Since Donald Trump took office almost a year ago, one of the most vexing questions has been: what will an “America first” foreign policy mean? With the administration torn between multiple competing power centres, unusually large gaps between rhetoric and reality and the inherent challenges of interpreting an essentially novel framework for US foreign policy, friend and foe alike have been left scratching their heads. Monday’s release of the new US national security strategy document, the first since 2015, should, in theory, do much to clarify what a Trumpian foreign policy doctrine involves.
It will be scrutinised at home and abroad on three main criteria: how much it diverges from traditional US foreign policy; how interoperable and logically consistent its component parts seem and how well these ideas comport with the administration’s practical actions and stated goals thus far.
While the 70-page text has been fairly closely-guarded, the outlines have become clear.

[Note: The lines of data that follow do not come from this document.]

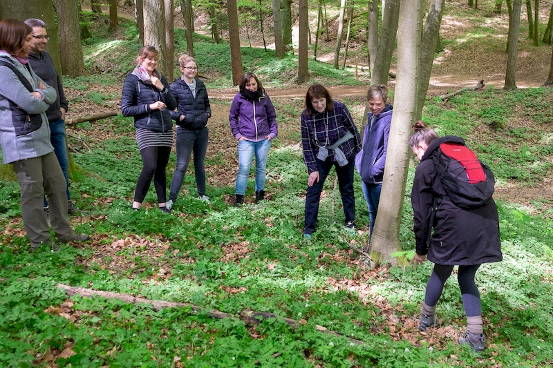 Nach dem Theorie-Teil im Gebäude des Service du patrimoine naturel (Naturerbe-/Forstbehörde) begaben wir uns mit den Teilnehmerinnen zum Praxisteil in den Wald (Naturerholungsgebiet Bambesch).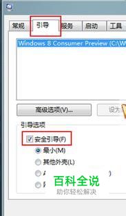 在进入系统后,按Win+R运行输入msconfig确定选择——引导——把安全引导勾选中确定重启后就可以进入Win8安全模式。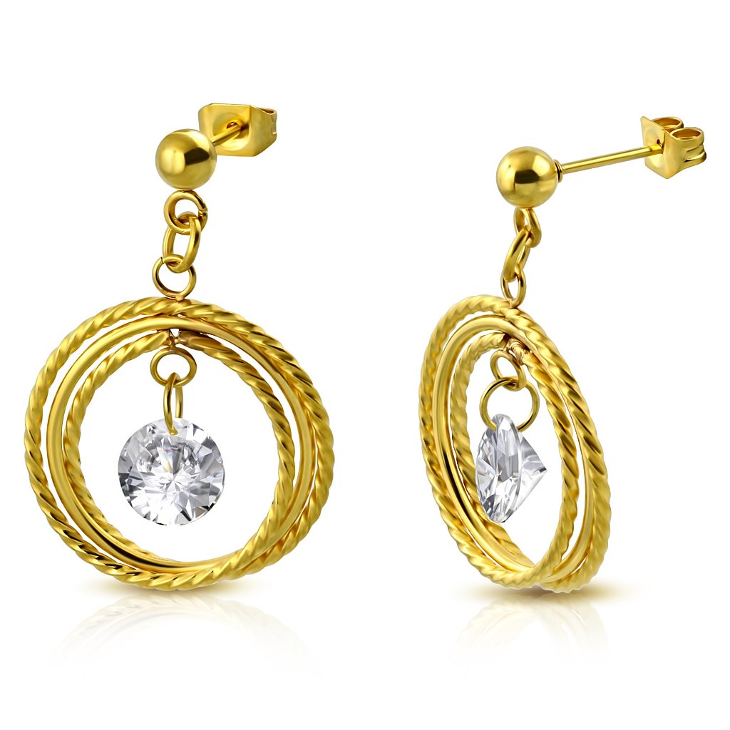 Náušnice v tvare kruhov s očkom čírej farby v zlatom prevedení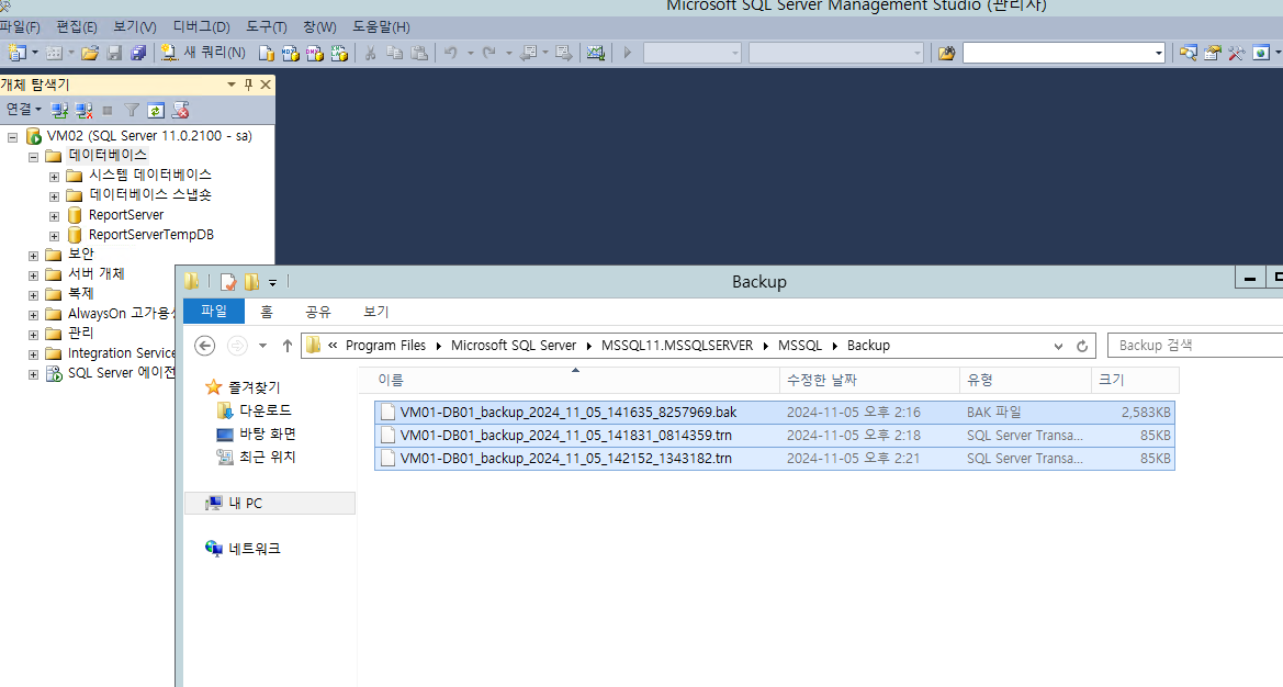 시간 단축을 위하여 트렌젝션 로그 백업도 2~3분 주기로 즉시 실행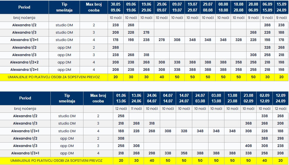 Cena u tabeli predstavlja paket aranžman (smeštaj+prevoz) po osobi.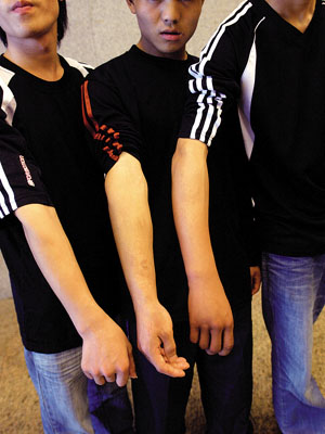 前天,小羌他們?nèi)死鹨滦,向記者展示了右手前?見(jiàn)左圖)。從表面上看,手臂上沒(méi)有傷口,但就感覺(jué)比他們的左手要腫,而且有些不協(xié)調(diào)的彎曲。小鵬和小田說(shuō),他們的手臂至今還在疼痛。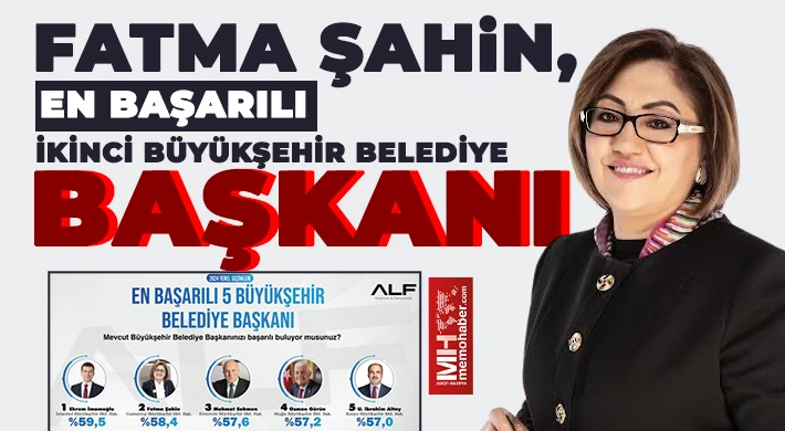 Açıklanan sonuçlara göre Gaziantep Büyükşehir Belediye Başkanı Fatma Şahin, Türkiye'deki en başarılı ikinci büyükşehir belediye başkanı olarak dikkat çekti.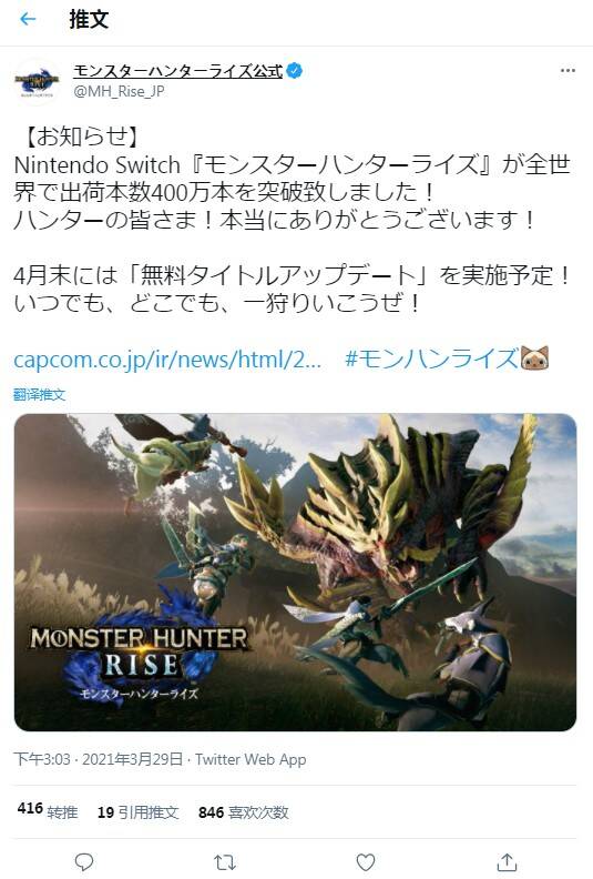 Capcom官方宣布:《怪物猎人:崛起》全球出货量突破400万份。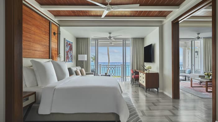 These one-bedroom suites are perfect as a romantic hideaway or a family home base. Separate from the king bedroom, the living room – with a queen sofabed and powder room – features sliding glass doors that open to the terrace or balcony with Atlantic views.

The drafting has been led by Nadia Schadlow, senior director for strategy at the National Security Council, who is widely respected as an establishment conservative figure well-versed in traditional US and Republican Party foreign policy thinking. Therefore, it’s not terribly surprising that much of the text frequently doesn’t deviate dramatically from strategies issued by the George W Bush and Barack Obama administrations.
While the continuities will be marked, there will also be some significant distinctions. Perhaps most notably, and unsurprisingly, the Trump strategy will downplay, although not eliminate, several traditional pillars of US foreign policy, particularly the role of values and human rights and the importance of multilateral institutions, alliances and treaties.

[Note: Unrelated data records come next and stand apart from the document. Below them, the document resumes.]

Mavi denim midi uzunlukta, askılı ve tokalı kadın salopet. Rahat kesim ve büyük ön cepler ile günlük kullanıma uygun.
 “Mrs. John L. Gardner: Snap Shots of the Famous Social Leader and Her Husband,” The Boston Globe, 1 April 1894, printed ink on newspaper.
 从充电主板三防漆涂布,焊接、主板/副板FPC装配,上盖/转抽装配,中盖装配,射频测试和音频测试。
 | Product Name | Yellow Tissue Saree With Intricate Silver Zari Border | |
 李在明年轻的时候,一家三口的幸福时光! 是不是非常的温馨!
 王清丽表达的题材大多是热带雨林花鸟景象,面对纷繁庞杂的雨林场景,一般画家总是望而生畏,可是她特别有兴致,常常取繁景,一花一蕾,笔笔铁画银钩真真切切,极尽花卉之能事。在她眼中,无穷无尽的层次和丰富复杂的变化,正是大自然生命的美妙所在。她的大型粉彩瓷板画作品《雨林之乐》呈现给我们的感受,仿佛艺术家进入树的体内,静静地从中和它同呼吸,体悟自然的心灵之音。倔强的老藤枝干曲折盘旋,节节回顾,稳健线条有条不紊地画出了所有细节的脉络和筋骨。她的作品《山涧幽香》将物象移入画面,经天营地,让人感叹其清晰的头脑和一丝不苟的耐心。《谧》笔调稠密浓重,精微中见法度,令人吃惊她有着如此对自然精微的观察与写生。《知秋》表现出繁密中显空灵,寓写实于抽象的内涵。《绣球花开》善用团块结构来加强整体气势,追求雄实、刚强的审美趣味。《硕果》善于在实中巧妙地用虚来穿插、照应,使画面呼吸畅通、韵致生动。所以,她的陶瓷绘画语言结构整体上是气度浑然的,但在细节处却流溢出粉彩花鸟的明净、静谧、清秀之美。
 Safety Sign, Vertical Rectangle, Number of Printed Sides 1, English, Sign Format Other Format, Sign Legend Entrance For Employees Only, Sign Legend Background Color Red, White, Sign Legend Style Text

Even more strikingly, the virtues of nationalism, and indeed parochialism, will be stressed at the expense of Washington’s traditional championing of a rules-based international order that promises win-win scenarios. Instead, much of this strategy will implicitly assume an anarchical international competition of all against all, with clear winners and losers fighting over limited and diminishing, rather than expanding, global prizes and resources.
Critics will protest a surrendering of principles while supporters defend clear-headed realism.
But passages reflecting this binary and narrow vision will coexist uneasily with much more familiar articulations of how American principles inform both US foreign policy conduct and goals. There is likely to be a considerable degree of dissonance throughout between the Trumpian “America first” impulse and more normative iterations of “Americanism” in foreign policy.
“America first” has not translated into neo-isolationism, either in theory or in practice. Indeed, “expanding American influence” is among four central pillars of the new strategy. But it has involved a retreat of American global authority – whether by ceding new space for Chinese leadership on trade and technological innovation, expanding Russian influence in Syria and the rest of the Middle East, or favouring narrow bilateral arrangements over more advantageous but far-reaching multilateral institutions and agreements.
Mr Trump’s political base may actually welcome this calculated international retreat, viewing it as an essential prelude to emphasising domestic priorities. What otherwise appears to be foreign policy self-mutilation is thereby perceived as a practical expression of “America first”.
But will the strategy help resolve some of the profound contradictions that have plagued Mr Trump’s foreign policies thus far?
Mr Trump has emphasised the need to enforce undefined limits on North Korea’s nuclear programme. Indeed, his ally Sen Lindsey Graham says there is a 30 per cent chance of a war over this, rising to 70 per cent if Pyongyang conducts another nuclear test. Yet Mr Trump has almost started a trade war with South Korea for reasons that remain essentially mysterious. The priorities appear muddied at best.
Similarly, in the Middle East, Mr Trump has cited defeating terrorism and confronting Iran as key goals, as will likely be reflected in the strategy. Yet Washington has all but labeled Syria – which is plainly the epicentre of the threats of ISIL and, especially, Al Qaeda, and the focus of Tehran’s expanding power and potential land-bridge to Lebanon and the Mediterranean Sea – to be essentially Russia’s “problem” and therefore Russia’s prerogative as well. Again, policy means and ends don’t seem to match up at all.
One of the most intriguing questions is whether the strategy will reflect the assessment being advanced by national security adviser HR McMaster that Turkey and Qatar have emerged – implicitly in coordination – as the primary funders and supporters of groups promoting radical, violent Islamist ideologies.
This is a welcome recognition of a real threat. But it’s also at odds with Washington’s increasingly “even-handed” approach to the boycott of Qatar, its continued embrace of Turkey, and, especially, Mr Trump’s endless praise of Recep Tayyip Erdoğan.
In all three cases, and many others, it’s hard to see how the broader goals can be achieved if more limited bilateral issues with Seoul, Moscow, Doha or Ankara, or a reticence to make hard choices, keep dominating the practical agenda.
A national security strategy should provide guidance and clarity. That has rarely been more needed. But the danger is that confusion will proliferate if the document seems internally inconsistent, reflects major dissonance between goals and policies, and sounds more like Mr Bush or Mr Obama than Mr Trump.